Supplied records>
◆ ◆ ◆ ◆ ◆

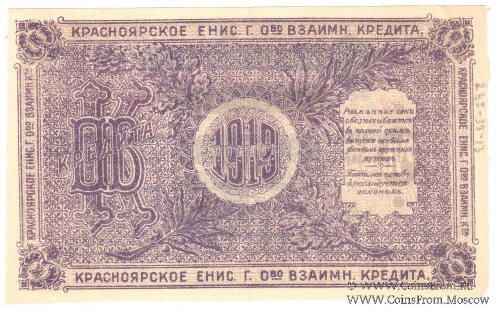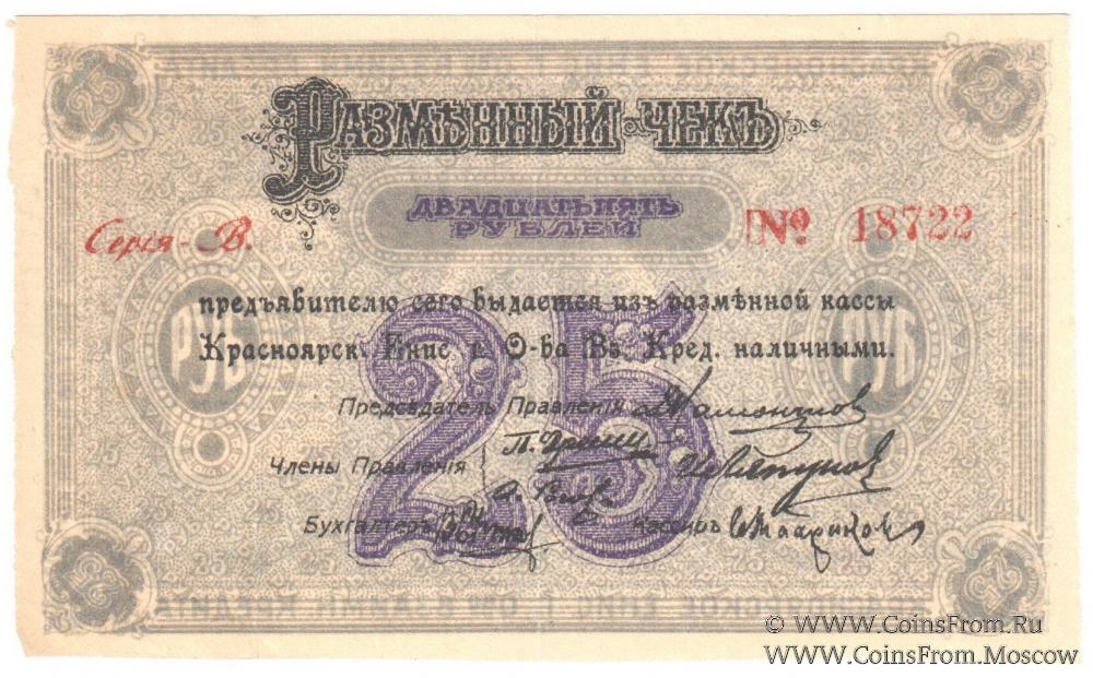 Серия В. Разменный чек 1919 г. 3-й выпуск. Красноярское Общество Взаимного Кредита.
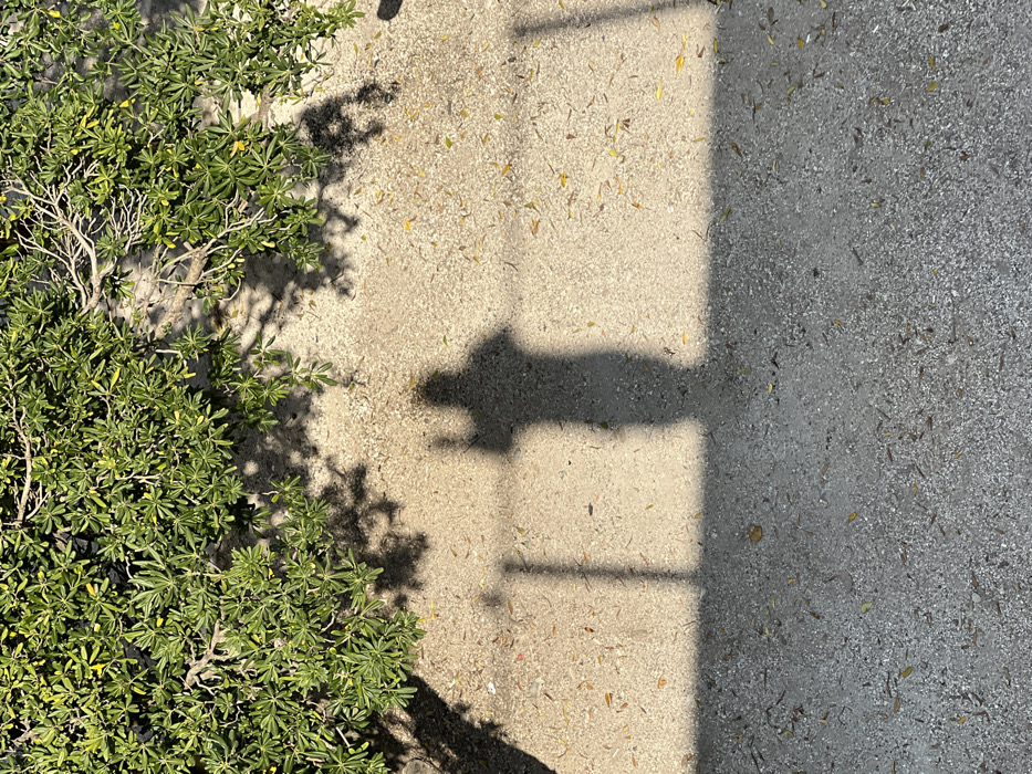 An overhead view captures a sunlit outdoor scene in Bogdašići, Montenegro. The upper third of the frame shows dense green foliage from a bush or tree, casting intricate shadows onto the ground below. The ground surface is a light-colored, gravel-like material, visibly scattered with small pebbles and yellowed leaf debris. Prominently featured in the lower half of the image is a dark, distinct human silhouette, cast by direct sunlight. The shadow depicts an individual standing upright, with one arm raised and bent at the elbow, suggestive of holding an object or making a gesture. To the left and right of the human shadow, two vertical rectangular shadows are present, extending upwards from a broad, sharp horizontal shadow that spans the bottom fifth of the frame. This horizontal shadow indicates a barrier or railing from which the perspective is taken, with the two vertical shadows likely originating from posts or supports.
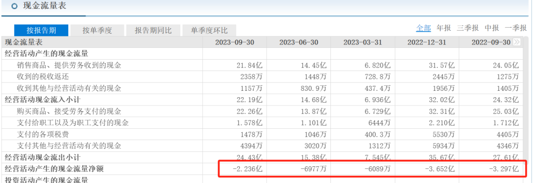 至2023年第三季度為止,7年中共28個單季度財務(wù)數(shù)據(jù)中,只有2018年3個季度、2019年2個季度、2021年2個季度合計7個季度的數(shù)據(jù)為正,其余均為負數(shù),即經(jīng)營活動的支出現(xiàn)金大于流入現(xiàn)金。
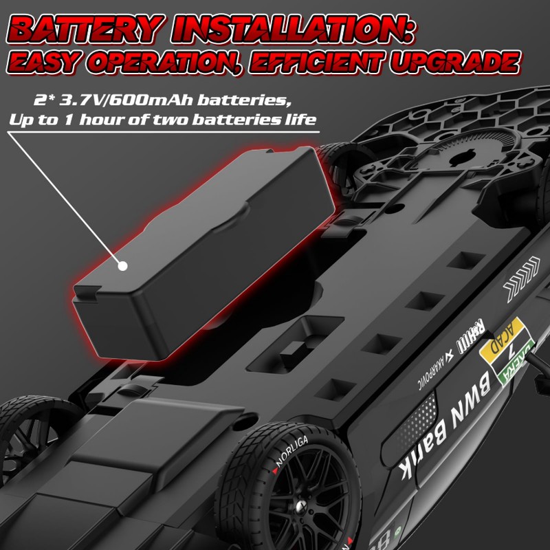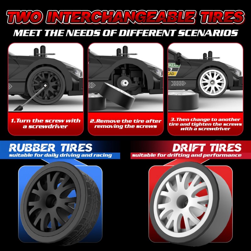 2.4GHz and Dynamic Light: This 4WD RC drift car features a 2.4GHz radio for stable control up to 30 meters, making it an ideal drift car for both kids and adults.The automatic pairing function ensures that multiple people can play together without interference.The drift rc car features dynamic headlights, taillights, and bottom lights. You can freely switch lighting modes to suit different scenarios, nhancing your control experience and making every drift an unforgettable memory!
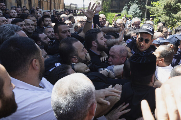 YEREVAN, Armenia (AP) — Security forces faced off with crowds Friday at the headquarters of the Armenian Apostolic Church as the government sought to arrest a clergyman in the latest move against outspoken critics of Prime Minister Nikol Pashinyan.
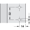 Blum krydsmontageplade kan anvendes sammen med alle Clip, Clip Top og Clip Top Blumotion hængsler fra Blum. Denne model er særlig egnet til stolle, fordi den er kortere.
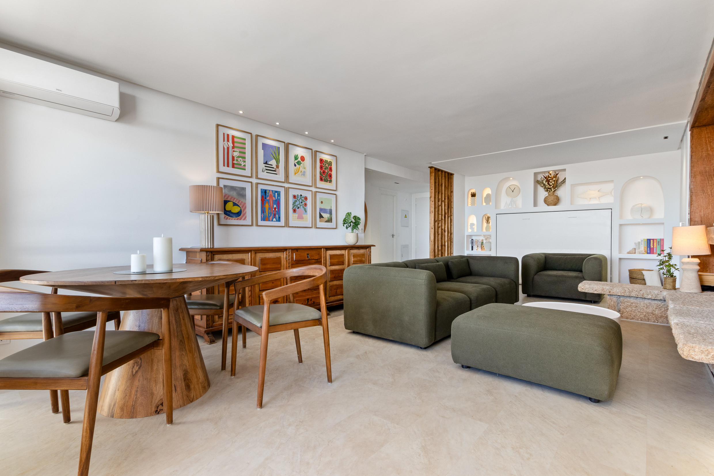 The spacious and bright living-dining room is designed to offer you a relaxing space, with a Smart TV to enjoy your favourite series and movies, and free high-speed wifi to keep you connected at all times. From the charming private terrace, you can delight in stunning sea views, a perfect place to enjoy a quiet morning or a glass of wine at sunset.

◆ ◆ ◆ ◆ ◆

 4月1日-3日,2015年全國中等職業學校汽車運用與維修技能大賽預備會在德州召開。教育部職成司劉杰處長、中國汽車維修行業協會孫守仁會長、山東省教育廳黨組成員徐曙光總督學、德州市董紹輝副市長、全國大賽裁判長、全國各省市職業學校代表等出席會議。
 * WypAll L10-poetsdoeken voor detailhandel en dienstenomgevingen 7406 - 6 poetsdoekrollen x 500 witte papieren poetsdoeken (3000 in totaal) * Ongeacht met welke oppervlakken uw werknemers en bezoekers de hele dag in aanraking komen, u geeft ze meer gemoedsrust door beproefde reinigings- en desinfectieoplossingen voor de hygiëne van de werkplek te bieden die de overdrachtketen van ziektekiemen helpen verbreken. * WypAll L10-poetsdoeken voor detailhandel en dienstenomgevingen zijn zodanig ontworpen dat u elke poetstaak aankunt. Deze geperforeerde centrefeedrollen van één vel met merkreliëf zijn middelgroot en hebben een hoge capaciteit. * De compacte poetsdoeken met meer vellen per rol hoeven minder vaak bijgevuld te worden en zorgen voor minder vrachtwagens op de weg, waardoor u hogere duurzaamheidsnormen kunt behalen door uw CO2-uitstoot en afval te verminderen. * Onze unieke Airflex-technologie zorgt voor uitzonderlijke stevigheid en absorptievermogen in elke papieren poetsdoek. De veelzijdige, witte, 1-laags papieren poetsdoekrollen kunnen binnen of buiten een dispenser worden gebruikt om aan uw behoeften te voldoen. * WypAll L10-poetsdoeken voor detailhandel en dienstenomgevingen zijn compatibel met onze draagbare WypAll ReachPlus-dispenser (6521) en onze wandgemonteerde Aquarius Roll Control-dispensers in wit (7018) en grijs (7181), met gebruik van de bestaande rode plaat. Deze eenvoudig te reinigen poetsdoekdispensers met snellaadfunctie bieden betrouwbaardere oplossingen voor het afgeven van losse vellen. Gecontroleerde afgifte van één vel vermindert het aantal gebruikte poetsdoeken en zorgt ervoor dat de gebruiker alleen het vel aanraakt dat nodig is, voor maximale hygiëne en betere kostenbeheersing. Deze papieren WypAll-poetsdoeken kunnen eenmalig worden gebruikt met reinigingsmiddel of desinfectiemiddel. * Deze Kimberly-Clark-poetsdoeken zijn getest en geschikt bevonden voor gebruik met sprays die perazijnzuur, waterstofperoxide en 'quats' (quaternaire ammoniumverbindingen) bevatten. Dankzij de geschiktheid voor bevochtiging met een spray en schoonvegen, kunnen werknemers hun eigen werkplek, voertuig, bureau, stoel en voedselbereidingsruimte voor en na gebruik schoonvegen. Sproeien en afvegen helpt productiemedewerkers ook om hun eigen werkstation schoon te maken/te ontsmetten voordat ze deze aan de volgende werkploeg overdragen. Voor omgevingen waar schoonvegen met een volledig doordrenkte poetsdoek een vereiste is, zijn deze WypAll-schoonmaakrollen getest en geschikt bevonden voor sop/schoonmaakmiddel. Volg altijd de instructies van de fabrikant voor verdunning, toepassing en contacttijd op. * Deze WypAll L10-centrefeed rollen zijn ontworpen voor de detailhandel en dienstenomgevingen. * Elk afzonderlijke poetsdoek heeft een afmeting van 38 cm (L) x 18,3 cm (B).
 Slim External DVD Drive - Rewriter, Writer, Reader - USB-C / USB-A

◆ ◆ ◆ ◆ ◆

Write down exactly what the lines above say, from the line holding "YEREVAN, Armenia (AP)" through the line holding "Blum krydsmontageplade kan", and nothing more. Do not copy the pictures.

 YEREVAN, Armenia (AP) — Security forces faced off with crowds Friday at the headquarters of the Armenian Apostolic Church as the government sought to arrest a clergyman in the latest move against outspoken critics of Prime Minister Nikol Pashinyan.
 Blum krydsmontageplade kan anvendes sammen med alle Clip, Clip Top og Clip Top Blumotion hængsler fra Blum. Denne model er særlig egnet til stolle, fordi den er kortere.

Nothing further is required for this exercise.